-- WHAT THE EXERCISE ASKS --
What you produce should be the lines from the line containing "Lovely Victorian watercolour" through the last line below, both ends included, reproduced exactly and without pictures.

-- SUPPLIED INFORMATION --
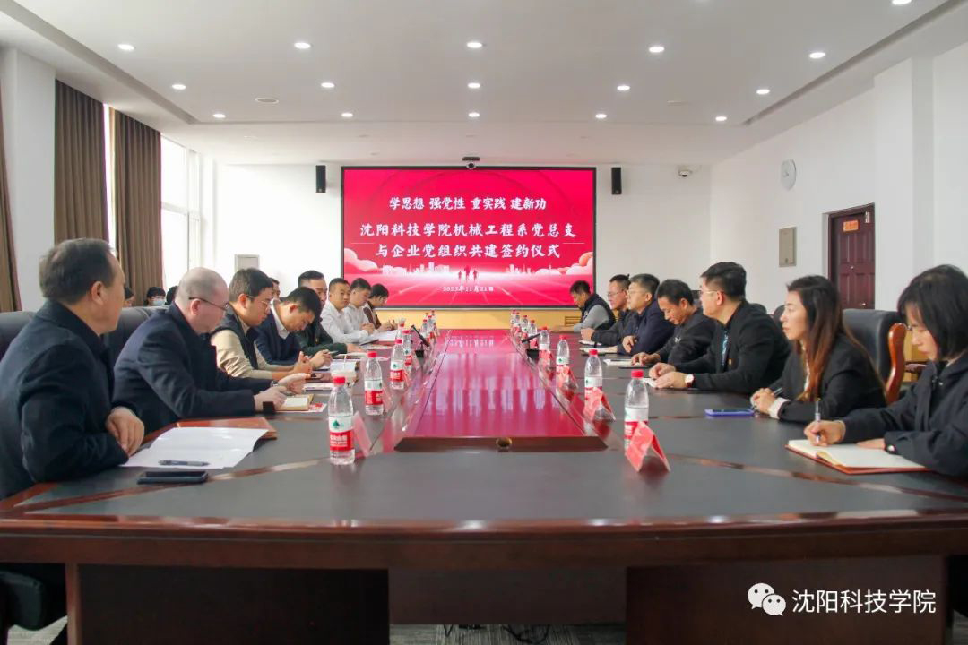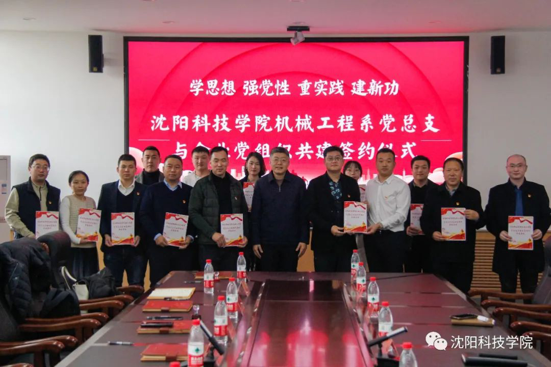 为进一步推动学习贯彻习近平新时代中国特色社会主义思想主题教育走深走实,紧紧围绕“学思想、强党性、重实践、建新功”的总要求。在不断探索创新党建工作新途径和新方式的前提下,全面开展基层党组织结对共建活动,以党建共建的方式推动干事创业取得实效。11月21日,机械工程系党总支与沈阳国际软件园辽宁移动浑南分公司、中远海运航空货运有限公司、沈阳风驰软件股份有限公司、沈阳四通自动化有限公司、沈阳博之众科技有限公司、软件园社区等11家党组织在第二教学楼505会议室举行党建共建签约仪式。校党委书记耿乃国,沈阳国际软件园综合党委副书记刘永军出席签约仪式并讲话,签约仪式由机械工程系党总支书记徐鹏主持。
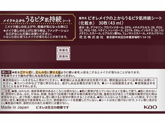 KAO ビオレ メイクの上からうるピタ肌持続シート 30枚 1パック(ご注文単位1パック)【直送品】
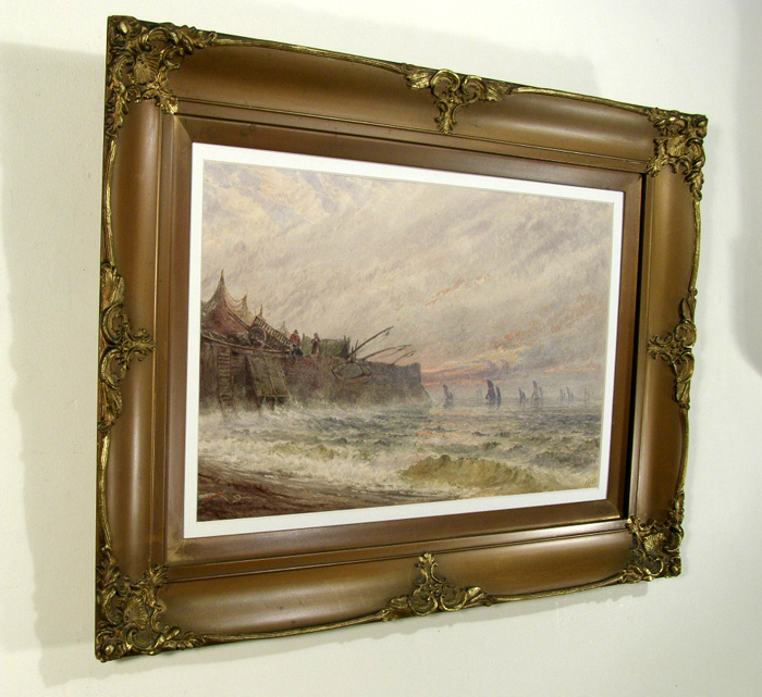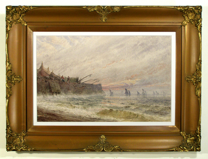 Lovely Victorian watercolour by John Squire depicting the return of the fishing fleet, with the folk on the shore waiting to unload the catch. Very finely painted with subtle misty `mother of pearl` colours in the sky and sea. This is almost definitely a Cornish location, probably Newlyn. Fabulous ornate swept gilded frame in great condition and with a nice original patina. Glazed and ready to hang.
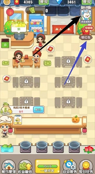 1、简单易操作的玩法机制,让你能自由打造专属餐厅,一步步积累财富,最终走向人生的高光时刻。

-- TASK SOLUTION --
 Lovely Victorian watercolour by John Squire depicting the return of the fishing fleet, with the folk on the shore waiting to unload the catch. Very finely painted with subtle misty `mother of pearl` colours in the sky and sea. This is almost definitely a Cornish location, probably Newlyn. Fabulous ornate swept gilded frame in great condition and with a nice original patina. Glazed and ready to hang.
 1、简单易操作的玩法机制,让你能自由打造专属餐厅,一步步积累财富,最终走向人生的高光时刻。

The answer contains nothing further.